Effect of Traffic, Road and Weather Information on PHEV Energy Management 2011-24-0162
Energy management plays a key role in achieving higher fuel economy for plug-in hybrid electric vehicle (PHEV) technology; the state of charge (SOC) profile of the battery during the entire driving trip determines the electric energy usage, thus determining the fuel consumed. The energy management algorithm should be designed to meet all driving scenarios while achieving the best possible fuel economy. The knowledge of the power requirement during a driving trip is necessary to achieve the best fuel economy results; performance of the energy management algorithm is closely related to the amount of information available in the form of road grade, velocity profiles, trip distance, weather characteristics and other exogenous factors. Intelligent transportation systems (ITS) allow vehicles to communicate with one another and the infrastructure to collect data about surrounding, and forecast the expected events, e.g., traffic condition, turns, road grade, and weather forecast. The ability to effectively interpret this traffic and weather data to estimate the power demand is important for the energy management and plays crucial role in the battery utilization.

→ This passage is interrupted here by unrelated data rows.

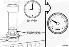 如果在 30 分鐘的測試期間,測試液沒有從藍色變?yōu)辄S色,讓康明斯ISB3.9發(fā)動機回到低怠速。
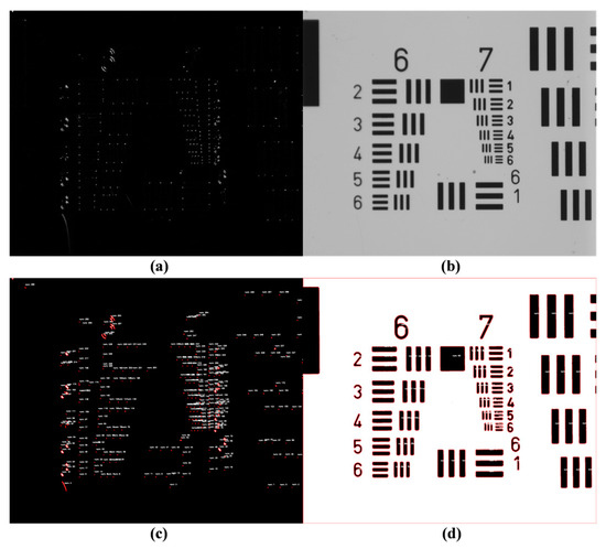 In the defect detection field, unpatterned and patterned defect detection often follow two distinct technical approaches. To validate the prototype’s performance and resolution for patterned defect detection, a quantitative assessment was conducted using the USAF 1951 resolution chart, which is a resolution test pattern that complies with the MIL-STD-150A standard created by the United States Air Force in 1951 and is widely used to test the resolution capability of optical imaging systems.
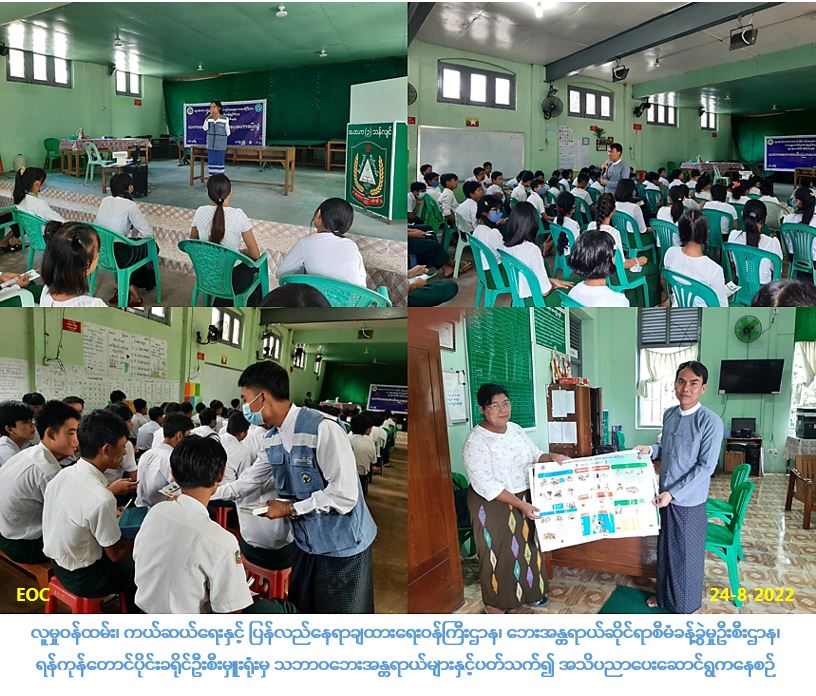 လူမှုဝန်ထမ်း၊ ကယ်ဆယ်ရေးနှင့် ပြန်လည်နေရာချထားရေးဝန်ကြီးဌာန၊ ဘေးအန္တရာယ်ဆိုင်ရာစီမံခန့်ခွဲမှုဦးစီးဌာန၊ ရန်ကုန်တောင်းပိုင်းခရိုင်ဦးစီးမှူးရုံး(သန်လျင်)မှ တာဝန်ရှိသူများသည် (၂၄-၈-၂၀၂၂)ရက်နေ့တွင် ရန်ကုန်တိုင်းဒေသကြီး၊ သန်လျင်ခရိုင်၊ သန်လျင်မြို့နယ်၊ အမှတ်(၃) ခြေခံပညာအထက်တန်းကျောင်းတွင် နံနက် (၁၀:၀၀) အချိန်မှ (၁၂:၀၀) အချိန်အထိ ဌာန၏လုပ်ငန်းတာဝန်များ၊ ဆောင်ရွက်ချက်များ၊ သဘာဝဘေးအန္တရာယ်ဆိုင်ရာအကြောင်း သိကောင်းစရာများနှင့်ပတ်သက်၍ ကျောင်းသား၊ ကျောင်းသူ ဦးရေ (၁၅၀)ဦးအား ဆွေးနွေးဟောပြောခြင်း၊ တာဝန်ရှိဝန်ထမ်းများမှ ဘေးအန္တရာယ်ဆိုင်ရာတစ်မျိုးချင်းစီအလိုက် အသိပညာပေးဆွေးနွေးဟောပြောခြင်း၊ လက်ကမ်းစာစောင်များနှင့် ပိုစတာများအား ကျောင်းအုပ်ဆရာမကြီးထံသို့ပေးအပ်ခြင်းများကို ဆောင်ရွက်ခဲ့ပါကြောင်း သတင်းရရှိပါသည်။
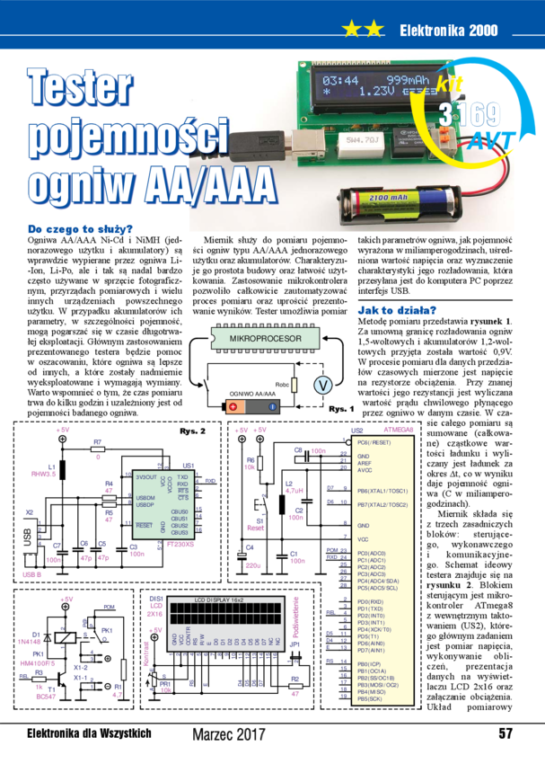 AVT5270 Mikroprocesorowy miernik pojemności ogniw AA - AAA
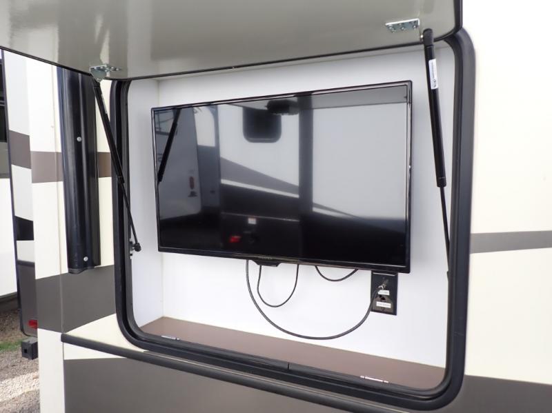 Outside you will enjoy plenty of storage, an outdoor entertainment center, and two awnings. One 18' awning covers the main entry door, and a smaller awning covers the door side slide giving you a large outdoor protected space from the elements to enjoy, plus so much more!
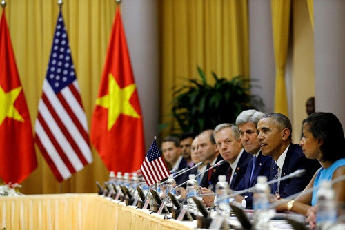"Chúng ta đến đây, như một biểu tượng của mối quan hệ được đẩy mạnh trong vài thập kỷ qua", AFP dẫn lời Tổng thống Mỹ Obama nói với Chủ tịch nước Trần Đại Quang.
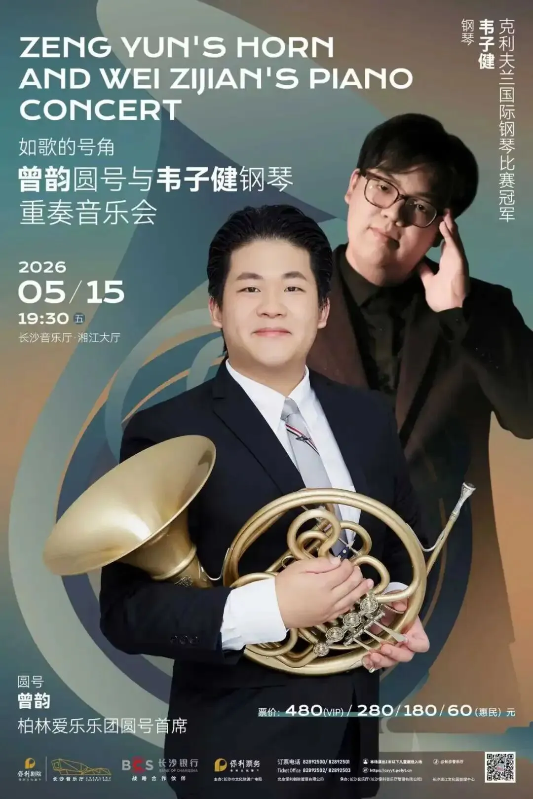 首次来到长沙,曾韵将用圆号重新演绎“柴五”第二乐章“如歌的行板”,甚至挑战二胡名曲《赛马》!

This paper presents an important step towards ITS integration with energy management of PHEVs: the goal of this research is to determine the correlation (or heuristic relationship) between different road events, weather conditions and PHEV energy management performance. The first step of this study utilizes real world data collected from a plug-in Toyota Prius (after-market conversion kit Hymotion L5) to determine the correlations between events and velocity profile characteristics. The second step finds the impact of power profile characteristics on the performance of equivalent consumption minimization Strategy (ECMS) for PHEV energy management using a high fidelity, validated PHEV simulator. The goal of this study is to identify the impact factors and define qualitative impact on the energy management algorithm and vehicle fuel economy.